* **ABOUT THIS TASK**: Retype the listing exactly. Leave out the images.

** PROVIDED ENTRIES follows **

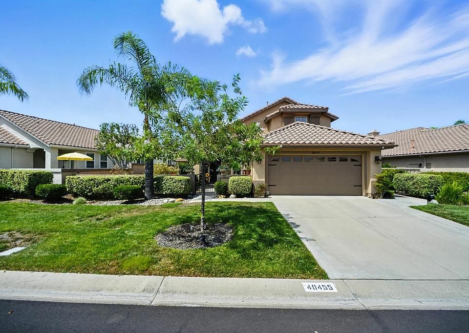 Absolutely beautiful home located in The Colony, Murrieta's premier 55+ community. You'll love the expansive entry courtyard that features an impressive fountain as well as beautifully landscaped front and side yards. Enjoy first floor living at it’s best, primary bedroom suite with large bathroom and spacious walk in closet. Bedroom opens up to the covered patio garden with fountain that overlooks the panoramic grassy greenbelt. Living, Dining, Family, Eat-In Kitchen, plus half bath. Kitchen features stainless steel appliances, large center island, walk in pantry and cozy kitchen nook with window seating. Formal living and dining room with an elegant staircase that leads to loft and guest room private retreat. In door laundry room and roomy 2 car garage with plenty places for storage. Colony has guard gate with 24 hour security, golf course on the property, Clubhouse has resort style amenities, tennis courts, pool and spa. HOA waters & maintains front yards.
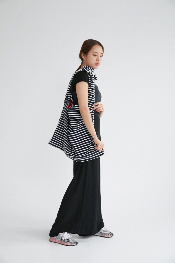 일반 티셔츠를 어깨 및 허리에 둘렀을 때의 불편함을 보완하였으며, 깔끔한 안쪽 배색 시접처리로 뒤집어 사용시 색다른 연출이 가능합니다.
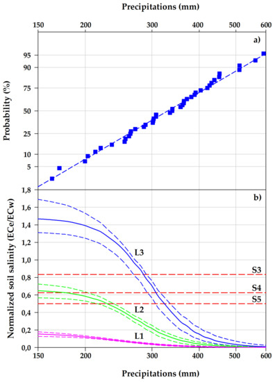 The fallow period is the fraction of time the soil is left bare, without any kind of cultivation. In our case study, this period lasts from tomato harvesting (day 230 of year Y) to tomato transplanting in the following year (day 110 of year Y + 1). The average total precipitation detected in this period was equal to 350.55 mm (std dev = 116.87 mm) and the probability distribution of this statistic is represented very well by a “log-normal” density function (Figure 7a). In response to a largely variable annual precipitation height, soil salinity at the start of the tomato growing season (DY 110) is greatly uneven, although quite predictable according to a probabilistic analysis shown in Figure 7. Like in Figure 6, soil salinity is expressed in normalized units; this data conversion allowed for representing a single curve for all possible salinity levels of irrigation water (Figure 7b). This means that the salinity level of irrigation water (S3, S4, and S5) largely affected the maximum salt content of soil layers in the absence of leaching, while salt leaching was totally controlled by rainfalls occurring in the fallow period, according to the observed climatic variability. No kind of interaction occurred between the two factors (i.e., water salinity and rainfall amounts). Conversely, different distribution curves represent the three consecutive soil layers (L1, L2, and L3); soil salinity at the start of the tomato-growing season and without leaching by rainfalls is much lower in L1 and is increasingly higher in L2 and L3. The distribution function is markedly a sigmoid curve, well described by a three-parameter “logistic” equation (M: maximum value, R: decreasing rate, and F: inflection point). Apart from the value of M, the other function parameters (R and F, respectively) have the same statistical values for all the soil layers (L1, L2, and L3), thus offering to consider exactly the same shape and dynamic behavior with respect to rainfalls. For each soil layer, a double-curve is shown in Figure 7b, representing 95% of all possible model outcomes included in it. From Figure 7, it is possible to detect that as the amount of rainfall increases, the initial level of soil salinity also decreases. Moreover, the estimated values at the three soil depths gradually approach one another, until they merge. Again, similar to Figure 6, it is worth noting that the double-curve is much larger in L3 and much smaller in L1; indeed, estimates related to deeper soil layers are much more uncertain and variable than estimates concerning upper soil layers.
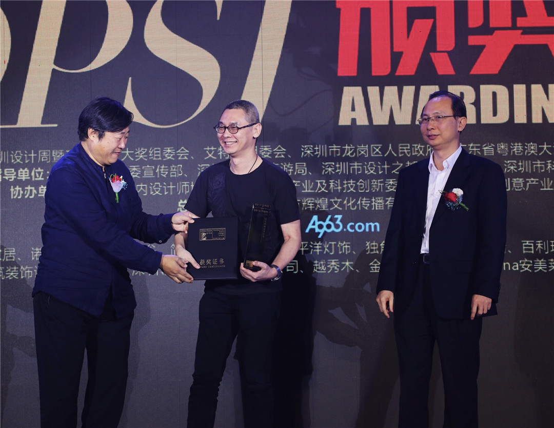 △深圳市政協(xié)提案委員會副巡視員魏威與清華大學美術學院博士生導師張月、為上海黑泡泡建筑裝飾設計工程有限公司設計師代表頒發(fā)“最佳會所設計獎”
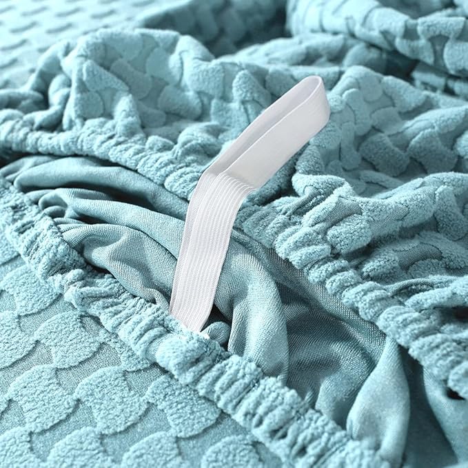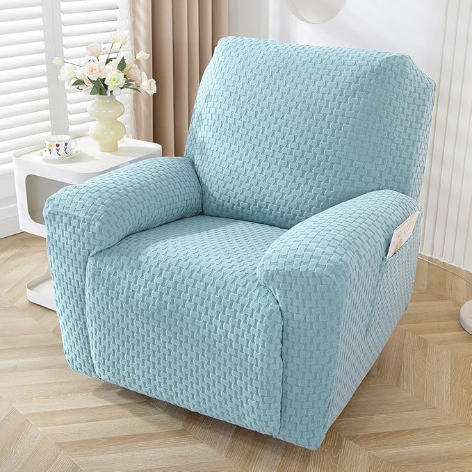 vctops 4 Pieces Jacquard Plush Recliner Slipcovers Stretch Soft Sofa Couch Cover Anti-Slip Solid Color Furniture Protector with Elastic Bottom for Kids Cats Dogs (Sky Blue,1 Seat)
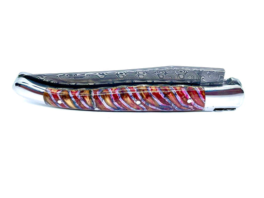 Couteau pliant damas artisanal - Laguiole Molaire de Mammouth stabilisée lame de Damas pliable 12 cm TigerMai-Raindrop
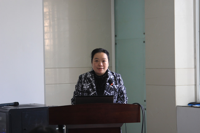 陈蓓致辞。她首先对此次会议召开表示祝贺,对学院在推进教代会和工会建设中所作出的贡献表示衷心感谢。她希望学院进一步加强对教代会的支持和建设,全面推进学校依法治校和改革发展。
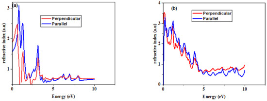 The optical refractive index of (a) armchair (5, 5) SWBNNT and (b) armchair (5, 5) SWCNT structures.
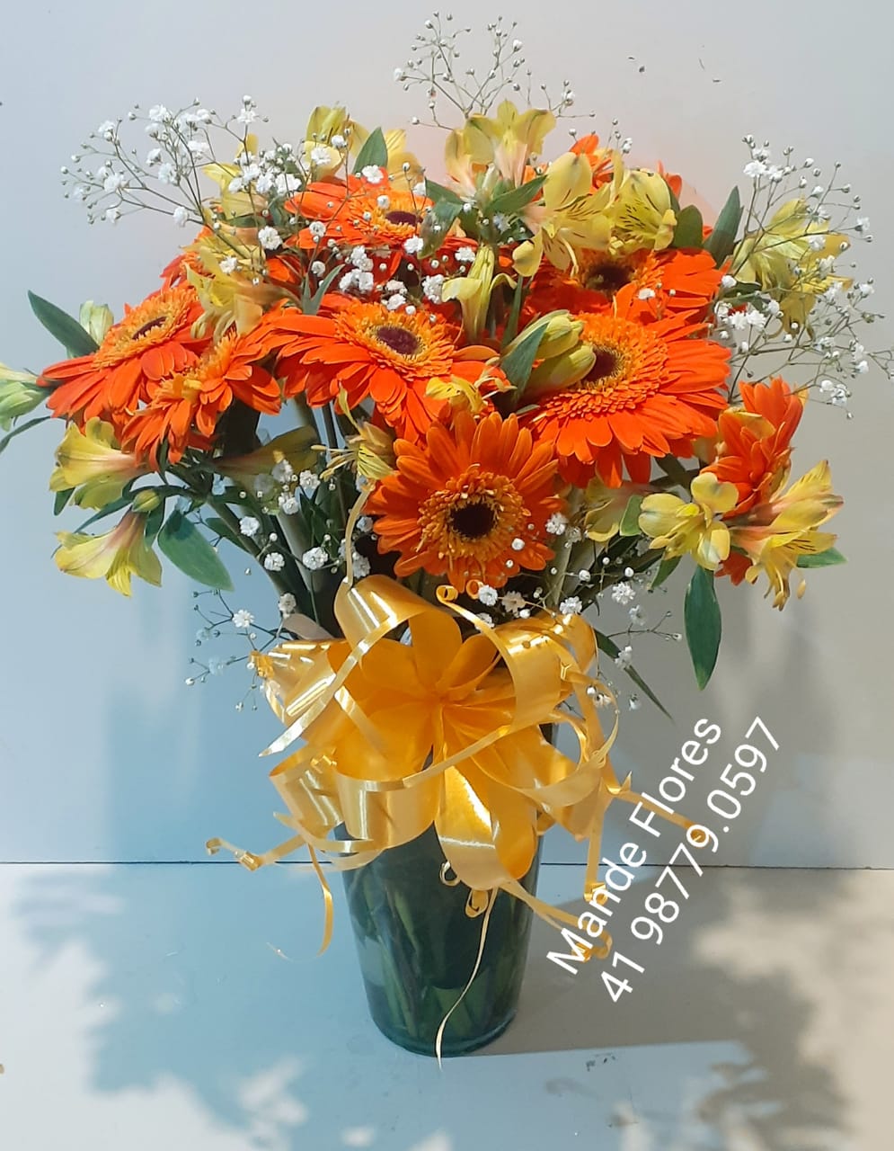 Gérberas no vazo com água. Nesse modelo o vazo acompanha as flores com água. Lindo vazo de vidro com 30cm de altura. Presenteie já com este lindo vazo de vidro com as flores.
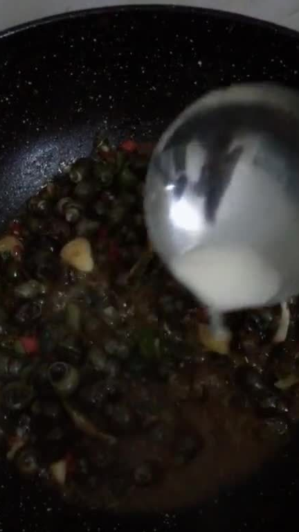 然後加入適量的清水,田螺這東西畢竟是在野外或者池塘上捕撈上來的,或多或少都會帶點病菌和寄生蟲之類的東西,燜熟瞭吃起來才會放心。

** End of PROVIDED ENTRIES **

* **RESULT BELOW**:
 Absolutely beautiful home located in The Colony, Murrieta's premier 55+ community. You'll love the expansive entry courtyard that features an impressive fountain as well as beautifully landscaped front and side yards. Enjoy first floor living at it’s best, primary bedroom suite with large bathroom and spacious walk in closet. Bedroom opens up to the covered patio garden with fountain that overlooks the panoramic grassy greenbelt. Living, Dining, Family, Eat-In Kitchen, plus half bath. Kitchen features stainless steel appliances, large center island, walk in pantry and cozy kitchen nook with window seating. Formal living and dining room with an elegant staircase that leads to loft and guest room private retreat. In door laundry room and roomy 2 car garage with plenty places for storage. Colony has guard gate with 24 hour security, golf course on the property, Clubhouse has resort style amenities, tennis courts, pool and spa. HOA waters & maintains front yards.
 일반 티셔츠를 어깨 및 허리에 둘렀을 때의 불편함을 보완하였으며, 깔끔한 안쪽 배색 시접처리로 뒤집어 사용시 색다른 연출이 가능합니다.
 The fallow period is the fraction of time the soil is left bare, without any kind of cultivation. In our case study, this period lasts from tomato harvesting (day 230 of year Y) to tomato transplanting in the following year (day 110 of year Y + 1). The average total precipitation detected in this period was equal to 350.55 mm (std dev = 116.87 mm) and the probability distribution of this statistic is represented very well by a “log-normal” density function (Figure 7a). In response to a largely variable annual precipitation height, soil salinity at the start of the tomato growing season (DY 110) is greatly uneven, although quite predictable according to a probabilistic analysis shown in Figure 7. Like in Figure 6, soil salinity is expressed in normalized units; this data conversion allowed for representing a single curve for all possible salinity levels of irrigation water (Figure 7b). This means that the salinity level of irrigation water (S3, S4, and S5) largely affected the maximum salt content of soil layers in the absence of leaching, while salt leaching was totally controlled by rainfalls occurring in the fallow period, according to the observed climatic variability. No kind of interaction occurred between the two factors (i.e., water salinity and rainfall amounts). Conversely, different distribution curves represent the three consecutive soil layers (L1, L2, and L3); soil salinity at the start of the tomato-growing season and without leaching by rainfalls is much lower in L1 and is increasingly higher in L2 and L3. The distribution function is markedly a sigmoid curve, well described by a three-parameter “logistic” equation (M: maximum value, R: decreasing rate, and F: inflection point). Apart from the value of M, the other function parameters (R and F, respectively) have the same statistical values for all the soil layers (L1, L2, and L3), thus offering to consider exactly the same shape and dynamic behavior with respect to rainfalls. For each soil layer, a double-curve is shown in Figure 7b, representing 95% of all possible model outcomes included in it. From Figure 7, it is possible to detect that as the amount of rainfall increases, the initial level of soil salinity also decreases. Moreover, the estimated values at the three soil depths gradually approach one another, until they merge. Again, similar to Figure 6, it is worth noting that the double-curve is much larger in L3 and much smaller in L1; indeed, estimates related to deeper soil layers are much more uncertain and variable than estimates concerning upper soil layers.
 △深圳市政協(xié)提案委員會副巡視員魏威與清華大學美術學院博士生導師張月、為上海黑泡泡建筑裝飾設計工程有限公司設計師代表頒發(fā)“最佳會所設計獎”
 vctops 4 Pieces Jacquard Plush Recliner Slipcovers Stretch Soft Sofa Couch Cover Anti-Slip Solid Color Furniture Protector with Elastic Bottom for Kids Cats Dogs (Sky Blue,1 Seat)
 Couteau pliant damas artisanal - Laguiole Molaire de Mammouth stabilisée lame de Damas pliable 12 cm TigerMai-Raindrop
 陈蓓致辞。她首先对此次会议召开表示祝贺,对学院在推进教代会和工会建设中所作出的贡献表示衷心感谢。她希望学院进一步加强对教代会的支持和建设,全面推进学校依法治校和改革发展。
 The optical refractive index of (a) armchair (5, 5) SWBNNT and (b) armchair (5, 5) SWCNT structures.
 Gérberas no vazo com água. Nesse modelo o vazo acompanha as flores com água. Lindo vazo de vidro com 30cm de altura. Presenteie já com este lindo vazo de vidro com as flores.
 然後加入適量的清水,田螺這東西畢竟是在野外或者池塘上捕撈上來的,或多或少都會帶點病菌和寄生蟲之類的東西,燜熟瞭吃起來才會放心。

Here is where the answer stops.